En las entradas anteriores asistimos a los primeros ataques aéreos, casi simultáneos, contra las flotas de ambos contendientes. Entre las 9.10 y las 9.25 de aquella mañana el portaaviones estadounidense USS Hornet había recibido varios impactos gravísimos. Más o menos a esta última hora, también el Shokaku recibió el impacto de al menos una bomba, que le produjo daños, pero por aquel entonces era sumamente improbable hundir un gran buque solo con este tipo de arma, y mientras que el portaaviones norteamericano había quedado muerto sobre el mar, el nipón había podido iniciar el camino de vuelta hacia la base de Truk a una velocidad de 23 nudos. La diferencia, fundamental, era que a los japoneses aún les quedaban aviones de ataque en el aire.
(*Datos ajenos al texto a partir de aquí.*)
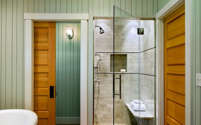 - Назначение конструкции, например, дверь в душевую зону или в основное помещение ванной комнаты.

A las 9.49 horas de aquel día fatídico el vicealmirante Halsey envió un
mensaje a Noumea: “Hornet herido”. Poco después, el contralmirante Murray, al
mando del buque solicitó que este, en llamas y escorado sobre el mar, fuera
remolcado. La buena noticia, por otro lado, era que gracias al apoyo de los
destructores Morris, Russell y Mustin, cuyas mangueras estaban rociando el
portaaviones de agua, los fuegos estaban bajo control.
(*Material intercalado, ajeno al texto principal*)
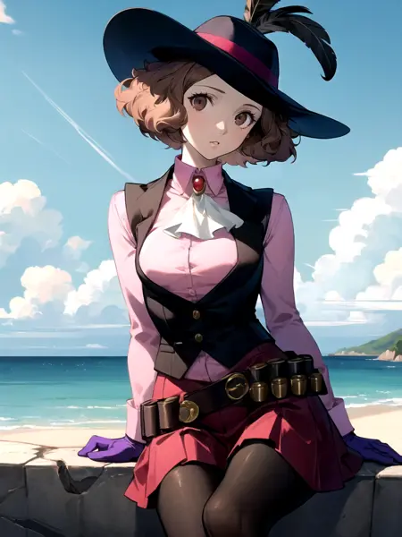 Noir: dsnoir, brown hair, short hair, brown eyes, pink shirt, ascot, skirt, vest, hat, hat feather, pantyhose, bandolier, purple gloves

Eran las 8.55 de la mañana del 26 de octubre de 1942 cuando los quince bombarderos del Hornet dirigidos por el capitán de corbeta Widhelm avistaron a la Fuerza de Vanguardia de Abe, en la que no había portaaviones, y su jefe decidió seguir adelante en busca del blanco más preciado. Mientras lo hacían, su buque recibió la brutal paliza que narramos en la entrada anterior.
A las 9.15, los portaaviones japoneses se hicieron por fin visibles
sobre el horizonte, y se inició un duro combate contra los Zero de la patrulla
aérea de combate en el que Widhelm cayó derribado sobre el mar, junto con otro
compañero, mientras que otros dos SBD recibían daños y tenían que iniciar el
viaje de vuelta. Durante estos minutos de combate, el jefe de la escuadrilla
había comunicado por radio repetidas veces, casi con desesperación, la posición
de los buques nipones, para que los torpederos del Hornet, que habían realizado
la ruta por su cuenta, pudieran llegar hasta ellos. Sin éxito. Tras haber
agotado su radio de alcance, los torpederos iban a tener que iniciar la vuelta
sin haber logrado encontrar a los portaaviones enemigos. Tampoco los aviones del
Enterprise lo conseguirían.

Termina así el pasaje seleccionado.